I HATE PLACES LIKE THAT!

But wondering how common is it for head gasket failure in the 89-94 vg30e? isnt really is it?
Thanks Guys

Donnie H.


----------



## J..M (Aug 7, 2005)

DonaldHays said:


> I visited the local guy down there that only works on Nissan and Infiniti cars. He said that he replaced the trans in my car with one out of an 89!


WHY ? 

Doesn't anyone repair cars anymore ?


----------



## Matt93SE (Sep 17, 2003)

Because it costs significantly more to repair one of these transmissions than to replace it. rebuild is about $2000. junkyard replacement is under $1000. ($2-500 for the tranny, 2-300 labor).


As for making the 89 last, the only thing you can do is keep regular fluid flushes and don't drive it too hard. stick a *small* tranny cooler on it and make sure it maintains proper operating temps. It gets cold enough up there in the winter that it's a good idea to remove or block off the tranny cooler with some cardboard for the winder months. (the transmission works best between 170 and 220 degrees or so- might check elsewhere to verify the numbers, but there is a definite temp range they should run at..) any cooler than that and it will shift hard. any hotter than that and it starts breaking down the transmisson fluid and kill the life of the transmission.

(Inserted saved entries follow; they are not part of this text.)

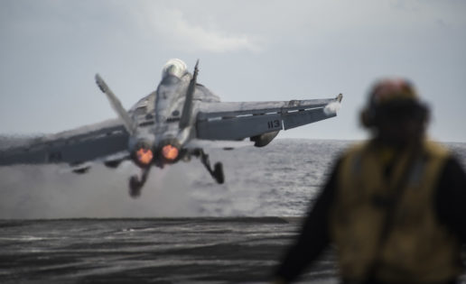 Para empezar el año con energía os dejo estos dos vídeos filmados desde la cubierta del portaaviones estadounidense “Dwight D. Eisenhower”, que estuvo desplegado siete meses en la zona del Golfo y el Mediterráneo en operaciones de bombardeo contra Daesh.
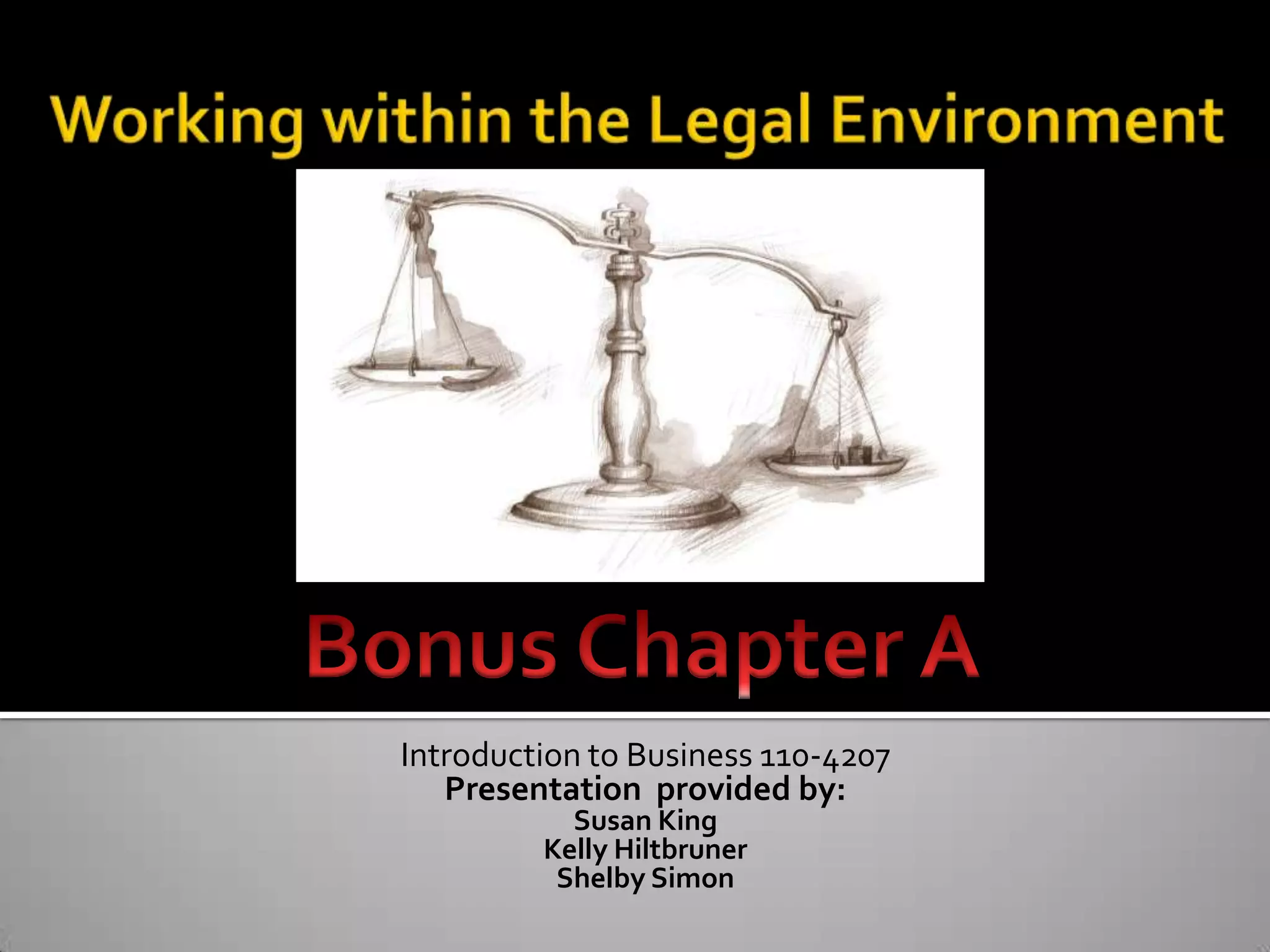 This document provides an introduction to business law 110-4207 presented by Susan King, Kelly Hiltbruner, and Shelby Simon. It discusses the US judicial system including criminal and civil law. Examples of criminal and civil cases are given. The presentation then focuses on business law and how the judicial system oversees business activities. Key business law concepts like statutory law, common law, administrative agencies, torts, patents, trademarks, copyright, sales law, contracts, antitrust law, consumer protection, and bankruptcy are defined. The importance of understanding legal issues in business is emphasized.
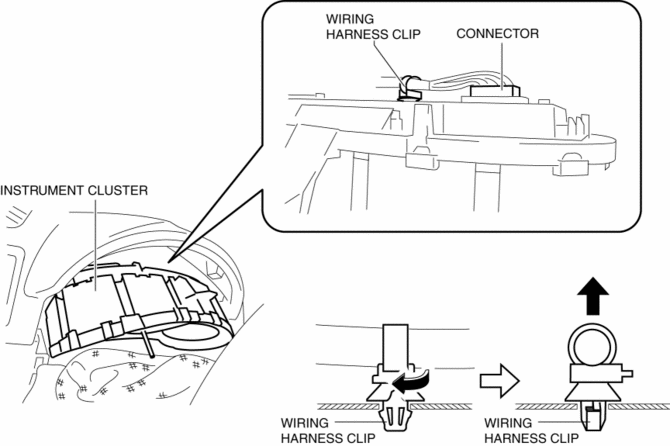 10. Rotate the wiring harness clip approx. 90 degrees, pull it in the direction shown by the arrow in the figure, and disengage the wiring harness clip tab from the instrument cluster.

As for the head gasket, I would tell that mechanic to stuff it. he's just trying to scare you into selling the car for cheap before it blows up. the only time I ever see blown head gaskets on these cars is when people abuse them:
1. overheat.. this can be caused by running it low on coolant, never changing the coolant, broken radiator fans, clogged radiator, etc..
2. nitrous oxide or boost. too much = blown gasket.

either one is easily preventable if you pay attention to the car and don't overheat the engine.


----------



## J..M (Aug 7, 2005)

The last time I had a auto-trans refurbed it was £350.00 ($628.00) all in........ You seem to have theives @ work.... I think the idea is that you let them know your not a idiot & they tend not to try & fleece you.

The only reason I had it done by a garage was I had work commitments Otherwise I would of taken some time off to do it my self


----------



## Matt93SE (Sep 17, 2003)

Around here, it costs more than that for just the parts to rebuild a transmission!


----------



## DonaldHays (Jul 22, 2004)

*Excuss me while I shoot my maxima, issues yet again*

I am about ready to shoot the Maxima. 

The weird idle had stopped on its own a few days back now and yesterday it had started a slight miss-cut out on the freeway while cruising along but under pressure wasnt missing or cutting out. 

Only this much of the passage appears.